What happened

Satellite-TV broadcasting might be a struggling industry, but on Tuesday, a flag-bearer for that business saw a nice little pop in its share price. That company is Dish Network (DISH), which simultaneously published its latest set of quarterly results and announced a major merger. This got investors excited enough to send the company's share price nearly 10% higher on the day. 

So what

Dish Network's second-quarter figures weren't impressive, but at the same time they weren't disappointing. The company booked revenue of $3.91 billion for the period, which was down from the $4.21 billion in the second quarter of 2022. A steeper decline was recorded on the bottom line: a profit of just over $200 million ($0.31 per share), against the year-ago surplus of almost $523 million.

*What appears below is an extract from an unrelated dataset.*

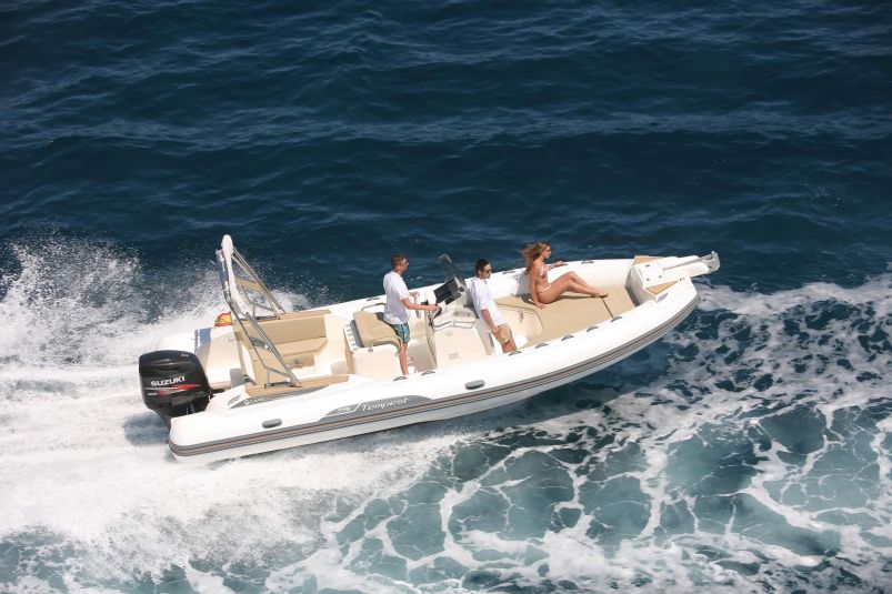 Molinete eléctrico de ancla, arco roll bar inox, toldo parasol,solarium completo proa, GPS/Plotter/Sonda Garmin 7", ducha,mesa picnic, Equipo de música con conexión bluetooth.

But this was largely anticipated by analysts, as those headline numbers were broadly in line with their consensus estimates.

Customer numbers were down across the board for the company. Its pay-TV subscriber count fell to 8.9 million from the year-ago tally of almost 10 million. Ditto for Dish TV satellite customers (down to 6.9 million from 7.6 million), clients of the Sling TV streaming service (2 million from nearly 2.2 million), and Boost Mobile users (7.7 million from almost 7.9 million).

Now what

It wasn't those results that got investors excited. Rather, they're looking forward to that merger, which will see Dish Network join forces with satellite services and communications company EchoStar (SATS -0.12%). The all-stock deal will see EchoStar investors receive 2.85 shares of Dish Network class A common stock for each EchoStar share they currently own.  

When completed, current Dish Network stockholders will hold around 69% of the combined entity. The deal has been approved by the boards of both companies. It is subject to a vote by EchoStar and Dish Network shareholders, and approval from the relevant regulatory bodies.